Computes the solution to a real system of linear equations.

## Prototype

```	function solve_linsys (
A [*][*] : numeric,
B        : numeric
)

return_val [dimsizes(B)] :  float or double
```

## Arguments

A

A two-dimensional (N, N) coefficient matrix.

B

A one- or two-dimensional array containing the right hand side matrix. If B is one-dimensional, it must be of length N. If it is two-dimensional, it must be B(NRHS, N) where NRHS is the number of right hand sides.

## Return value

Returns an array dimensioned the same as B.

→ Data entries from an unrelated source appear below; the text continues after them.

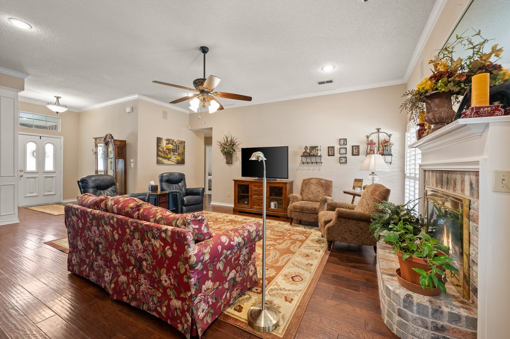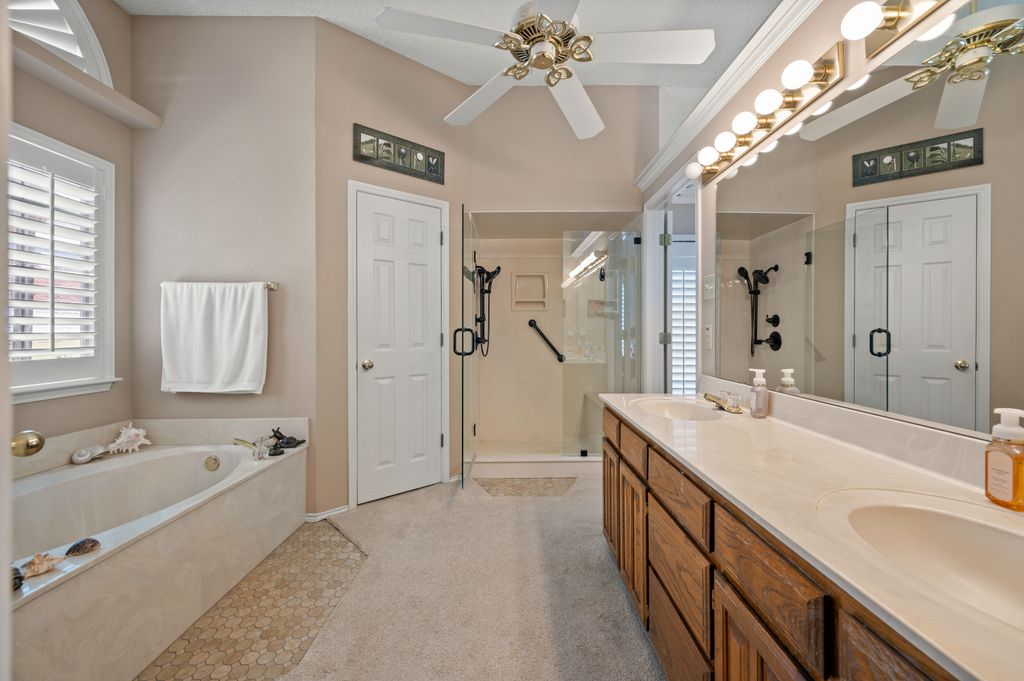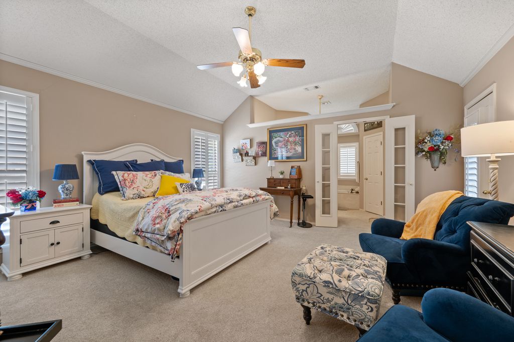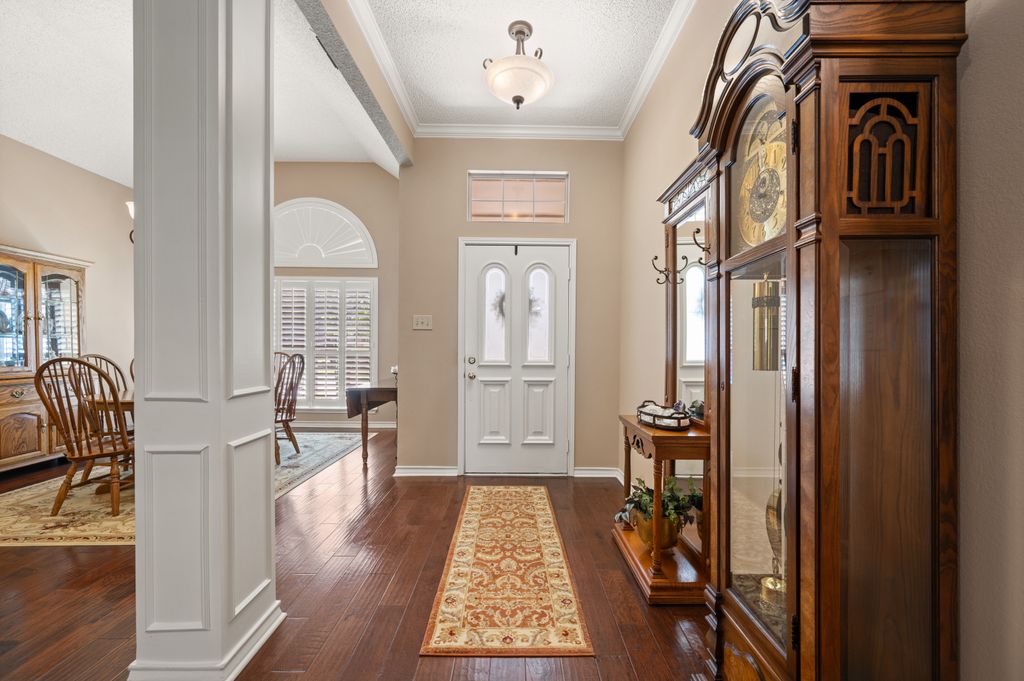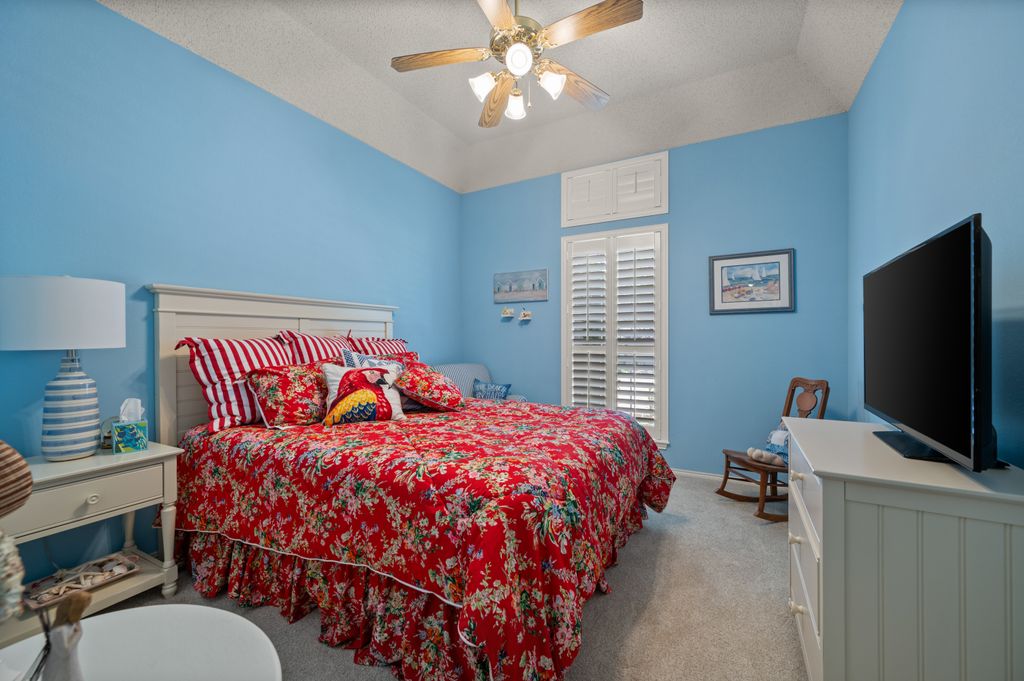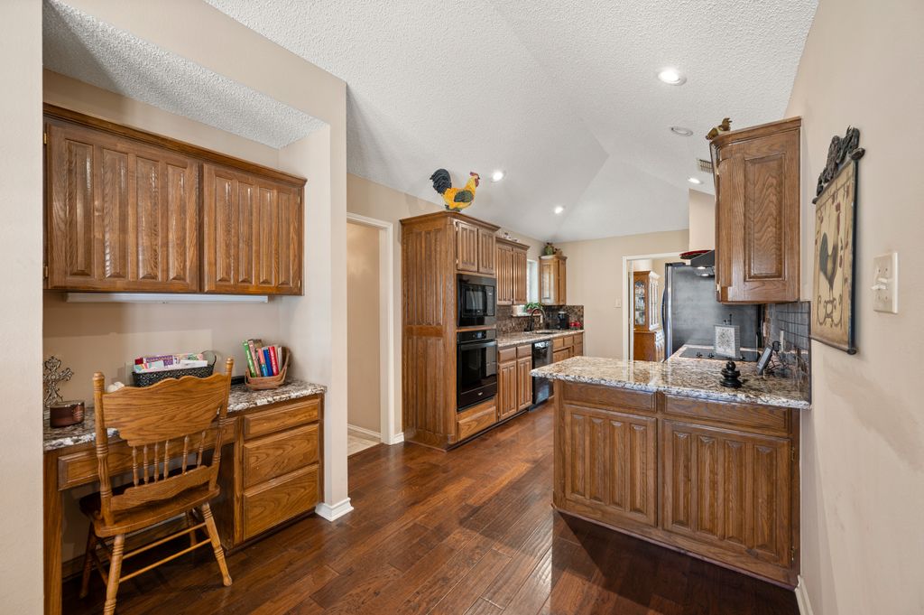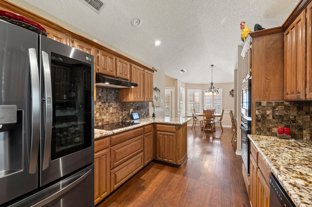 Beautifully maintained and ideally located, this home offers quick access to Iron Horse Golf Course, premier shopping and I-820. If convenience is at the top of your list, this one checks all the boxes! Step inside this 3-bedroom, 2.5-bath gem and enjoy elegant details such as hardwood floors in the main living areas, crown molding, decorative columns, and custom plantation shutters throughout. The well-designed layout flows seamlessly through the living, dining, breakfast, and kitchen areas, perfect for everyday living or entertaining. The kitchen features granite countertops, tile backsplash, solid wood cabinetry, and black-finished appliances, including a built-in oven, microwave and electric cooktop. A charming breakfast nook offers backyard views, while the adjacent built-in desk provides an ideal spot for organizing household tasks, homework or working from home. The spacious family room showcases a brick wood-burning fireplace with glass doors and a wall of windows overlooking the covered patio—perfect for outdoor dining or relaxing in the shade. The rear-entry garage adds both privacy and convenience. The backyard has mature shade trees and a storage shed for extra space. An extended driveway provides ample parking and is perfect for basketball or outdoor activities. Just off the garage entry, you’ll find a well-appointed utility room with built-in cabinetry, tile flooring, a large storage closet or second pantry and a window for natural light. A nearby half-bath adds convenience. The private bedroom wing offers generously sized secondary bedrooms with walk-in closets and a shared hall bath. The primary suite is a true retreat with vaulted ceilings, a cozy sitting area, private patio access, dual walk-in closets, and a luxurious en suite featuring a garden tub, dual sinks, and an upgraded shower with bench and handheld fixture. With timeless finishes, abundant storage, and a location that’s hard to beat, this home is a rare find! Schedule your showing today.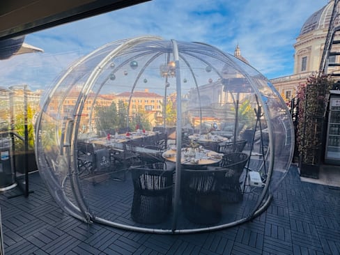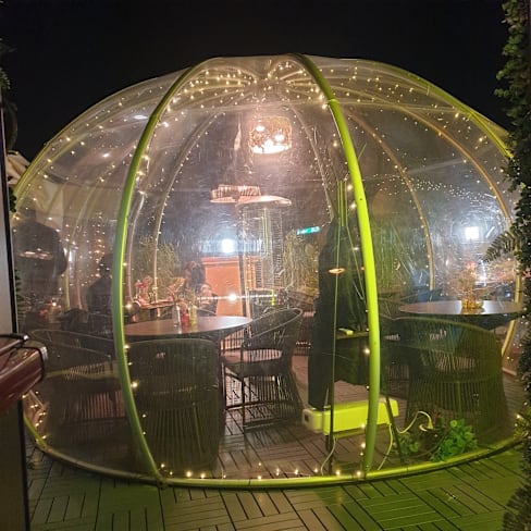 8/10Some of the 7 course meal option was amazing and some was not so amazing. Overall, I enjoyed the vibe, but was a little saddened that everything was completey enclosed with no visual ability of the "rooftop" views in early Spring. The location was closed in with plastic enclosures which provided no "view" as a "rooftop" restaurant.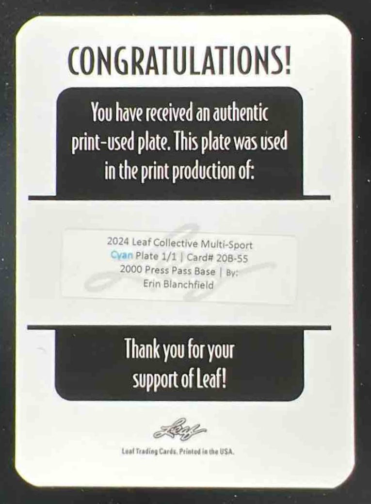 2024 Leaf Collective 2000 Press Pass Cyan Printing Plate Erin Blanchfield 1/1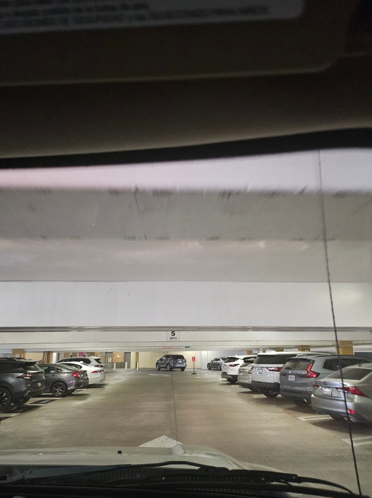 Yesterday we made the decision to remain in Los Angeles because the temperature at Joshua Tree was going to be around 107/108 degrees. Joshua Tree would have been hard to see, just from the truck. Speaking of the truck, I have a love/hate relationship with that thing. It certainly hauls us down the road but to park it is like putting a square peg in a round hole. We have more “discussions” (they really aren’t discussions, more like me telling Tom how he should park) about parking than anything else. Case in point, yesterday we went to the Sherman Oaks Galleria to see the new Jurassic Park (I liked it) and had to park in the parking garage. We had less than inches between the top of the truck and the beams of the parking garage. Here is a picture of my view. Look at the white concrete beam (a little blurry).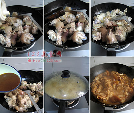 9、继续快手翻炒,炒至每块猪蹄都能均匀地裹上酒香后加入所有沥干水后的配料。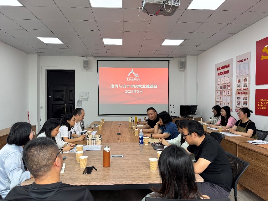 为共同商议2025届就业工作,研究推进当前就业工作进度,促进毕业生积极就业,建筑与设计学院于2025年5月7日中午13:00在慧思楼8203召开2025届毕业生就业工作推进会,学院党政领导班子、各系主任和教研室主任、专业教师代表、就业专员、全体毕业班辅导员参加了此次会议,会议由党总支书记兼副院长唐湘晖主持。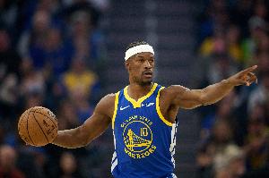 勇士球星巴特勒上半场比赛侵略性十足,他8投5中,罚球7中6,没有三分出手,得到16分1篮板1助攻1抢断。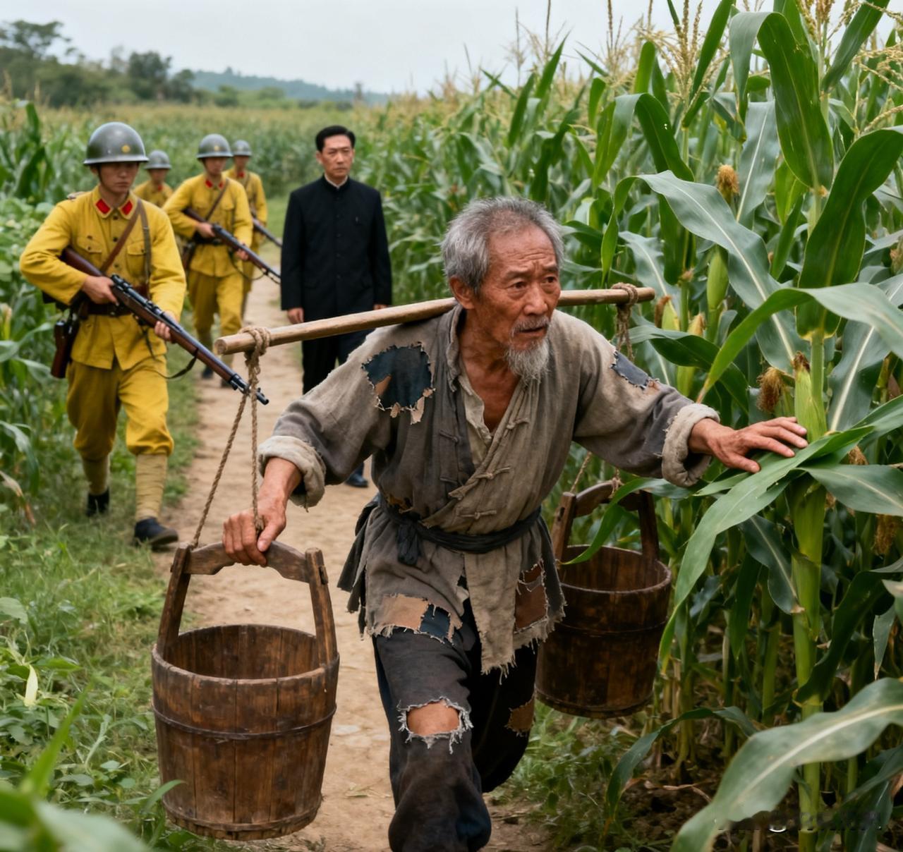 1942年,一老汉去给八路军送水时,半路上碰到了鬼子。他急忙挑着两桶水拐进了庄稼
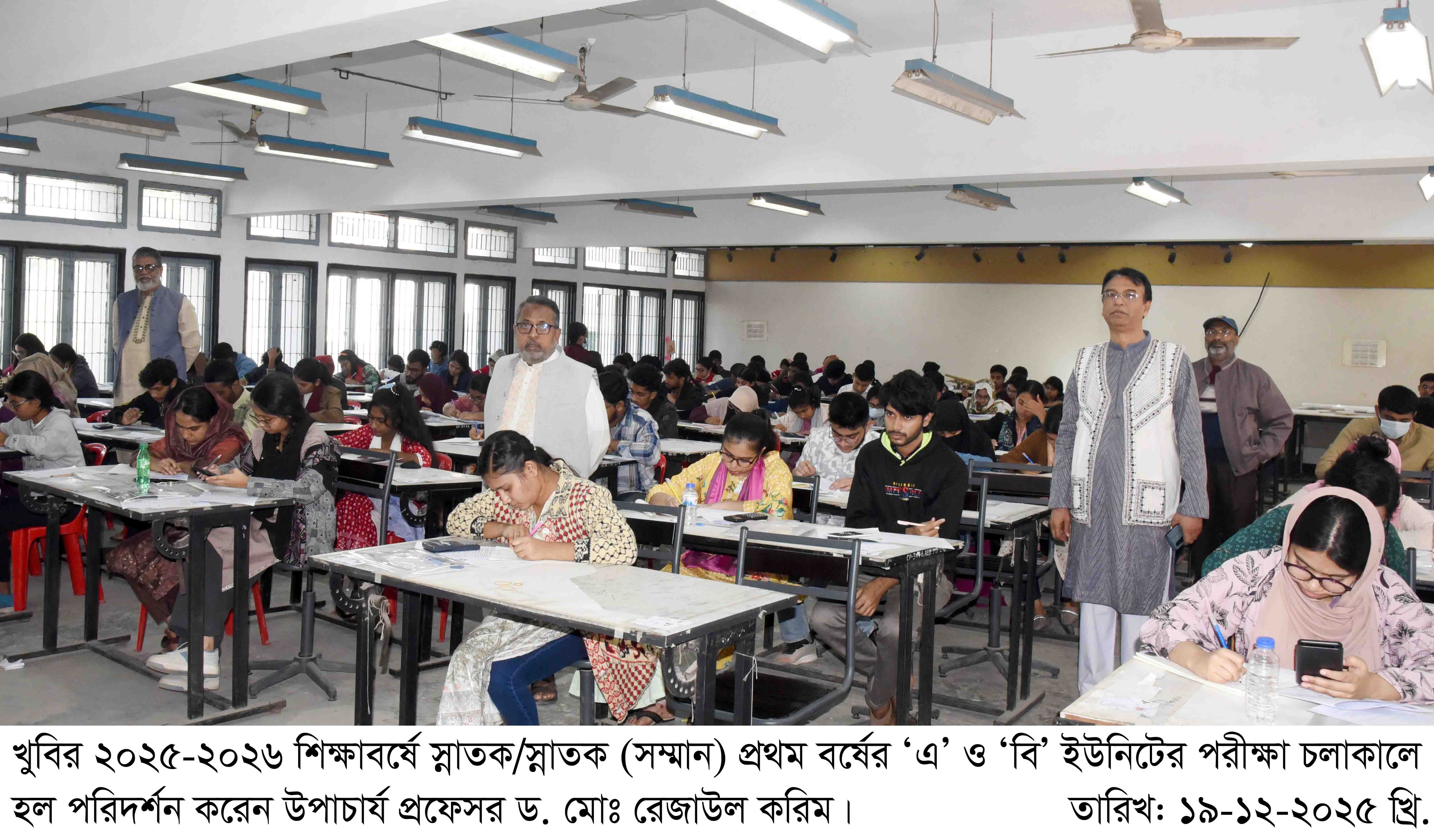 পরীক্ষাকালীন সময়ে খুলনা বিশ্ববিদ্যালয়সহ স্থানীয় কেন্দ্রগুলোর কন্ট্রোল রুম ও পরীক্ষার হল পরিদর্শন করেন বিশ্ববিদ্যালয়ের উপাচার্য প্রফেসর ড. মোঃ রেজাউল করিম। এ সময় আরও উপস্থিত ছিলেন উপ-উপাচার্য প্রফেসর ড. মোঃ হারুনর রশীদ খান, ট্রেজারার প্রফেসর ড. মোঃ নূরুন্নবী, বিজ্ঞান, প্রকৌশল ও প্রযুক্তিবিদ্যা স্কুলের ডিন প্রফেসর ড. মোঃ আশরাফুল আলম, জীববিজ্ঞান স্কুলের ডিন প্রফেসর ড. মোঃ গোলাম হোসেন এবং ছাত্র বিষয়ক পরিচালক প্রফেসর ড. মোঃ নাজমুস সাদাত। তাঁরা সুষ্ঠু ও শান্তিপূর্ণ পরিবেশে পরীক্ষা অনুষ্ঠিত হওয়ায় সন্তোষ প্রকাশ করেন। এ সময় দায়িত্বরত ইউনিট প্রধানসহ সংশ্লিষ্ট শিক্ষকবৃন্দও উপস্থিত ছিলেন।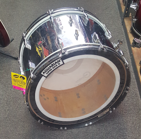 As much fun as I’ve been having with my pancake drum kit, I keep wondering how it would sound with a huge bass drum. One feature of a pancake rack tom is that it leaves plenty of room for big bass drums underneath without having to raise the height as you would with a traditional two-headed rack tom. After a little searching I found this old beast – a 1970s 14″x24″ Premier marching bass drum converted to a drum kit bass drum. When you take a picture of an instrument in a music store you know you’ll be back…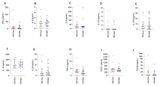 - Jimenez-Gallo, D.; de la Varga-Martinez, R.; Ossorio-Garcia, L.; Albarran-Planelles, C.; Rodriguez, C.; Linares-Barrios, M. The Clinical Significance of Increased Serum Proinflammatory Cytokines, C-Reactive Protein, and Erythrocyte Sedimentation Rate in Patients with Hidradenitis Suppurativa. Mediat. Inflamm. 2017, 2017, 2450401. [Google Scholar] [CrossRef]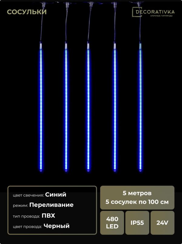 Гирлянда Тающие Сосульки 5шт по 100см, 24В, 480 Синих Светодиодов, Провод Черный ПВХ, IP55
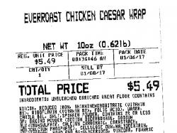 The recall applies to: Everroast Chicken Caesar Wrap (UPC: 72036-95828) that was prepared in the deli department of various Harris Teeter supermarkets in multiple states. All code dates.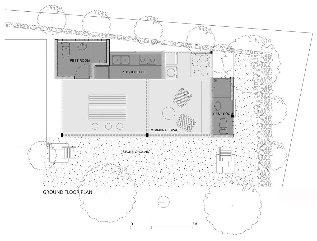 The concept of ‘connection’ is realized by alternating the volumes and creating gaps between them to encourage interaction. the arrangement of the separated volumes – hosting sleeping spaces, rest rooms and the kitchenette – along two stories, created the open volumes that include the common spaces, terraces and voids. through these gaps, people can enjoy the communal areas and the surrounding greenery all under the same roof with skylights.
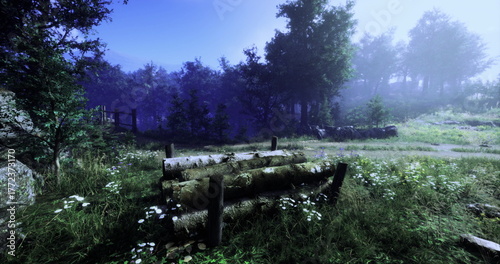 A serene forest pathway features stacked logs surrounded by wildflowers and lush greenery. Morning light filters through trees, creating a peaceful ambiance.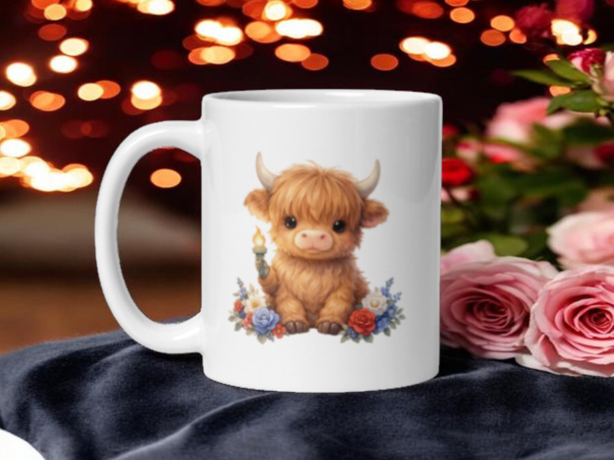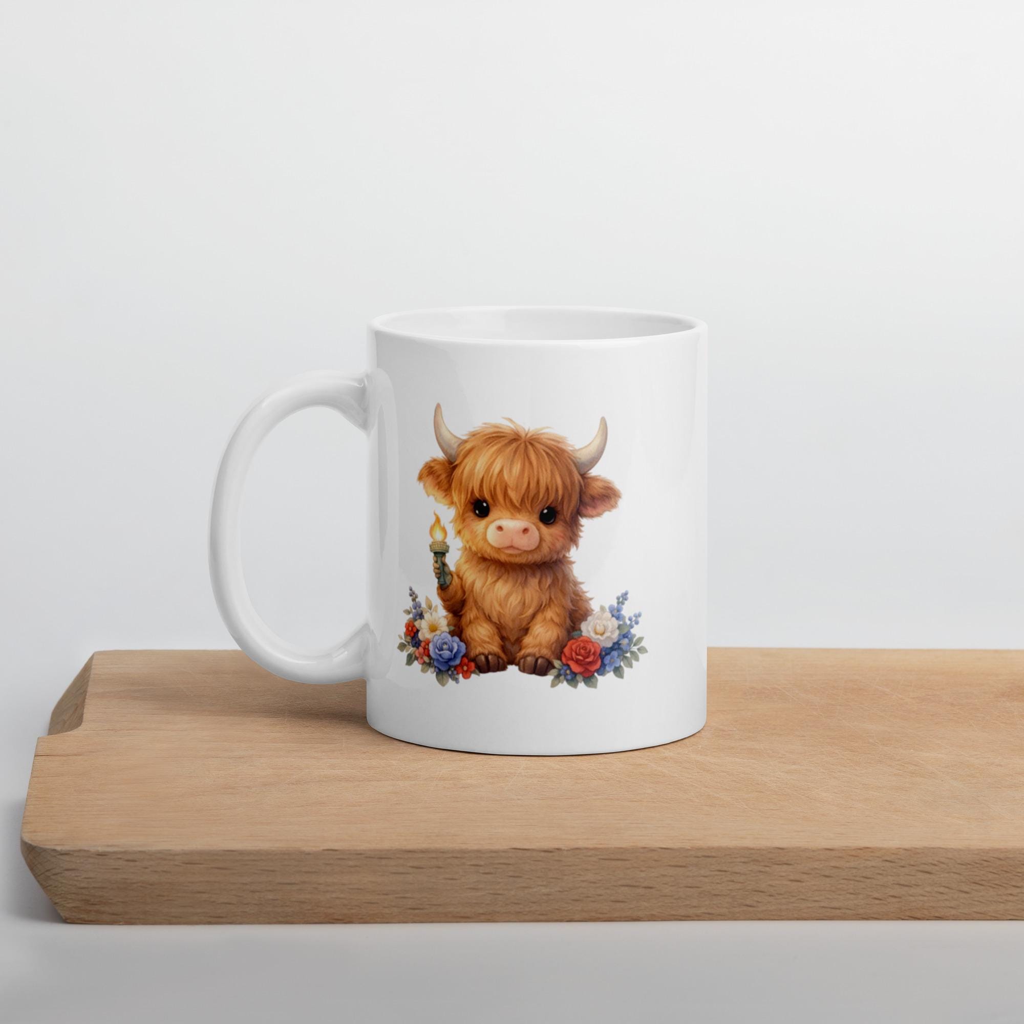Americute Highland Cow Mug Kawaii Patriotic Farm Coffee Cup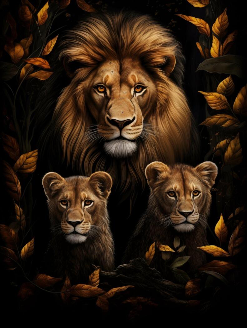 Glasschilderij – Exclusive – Staand – Leeuwenfamilie 2 Welpen Jack

The return type is floating point if the input is floating point, and double if the input is of type double.

## Description

This function computes the solution to a real system of linear equations A * x = B where B may have multiple right-hand-sides. An LU decomposition with partial pivoting and row interchange is used to factor A as A = P * L * U where P is a permutation matrix, L is the unit lower tridiagonalar matrix, and U is the upper triangular matrix. The factored form is then used to solve the system of equations.

## Examples

Example 1:

Solve the system A * x = B where B is one-dimensional:

```                 3  2 -1  2           0
A =   1  4  0  2       B = 0
2  1  2 -1           1
1  1 -1  3           0

```
In NCL:
```   A = (/ (/3.0, 2.0, -1.0, 2.0/), \
(/1.0, 4.0,  0.0, 2.0/), \
(/2.0, 1.0,  2.0,-1.0/), \
(/1.0, 1.0, -1.0, 3.0/) /)

B = (/0.0, 0.0, 1.0, 0.0/)  ; this is treated as a one-dimensional
; column vector (special case)

x = solve_linsys(A, B)      ; x will be one-dimensional [x(N)]
```
Note: the following would also work:
```   NRHS    = 1
N       = 4
B       = new ((/NRHS,N/), "float")   ; "double" also
B(0, 0) = 0.0
B(0, 1) = 0.0
B(0, 2) = 1.0
B(0, 3) = 0.0
```
Example 2:

The same as Example 1, but with multiple right hand sides:

```   nrhs   = 3
n      = 4
b      = new ((/nrhs,n/), "float")   ; "double" also
b(0,:) = (/0.0, 0.0, 1.0, 0.0/)
b(1,:) = (/-2.0, 1.0, 3.0, 4.0/)
b(2,:) = (/2.0, 2.0, 0.0, 0.0/)

x = solve_linsys(A, B)  ; x will be 2D: x(3, 4)
```

## Errors

info
= 0 : successful exit

< 0: the i-th argument had an illegal value

> 0: U(i, i) is exactly zero. The factorization has been completed, but the factor U is exactly singular, so the solution could not be computed.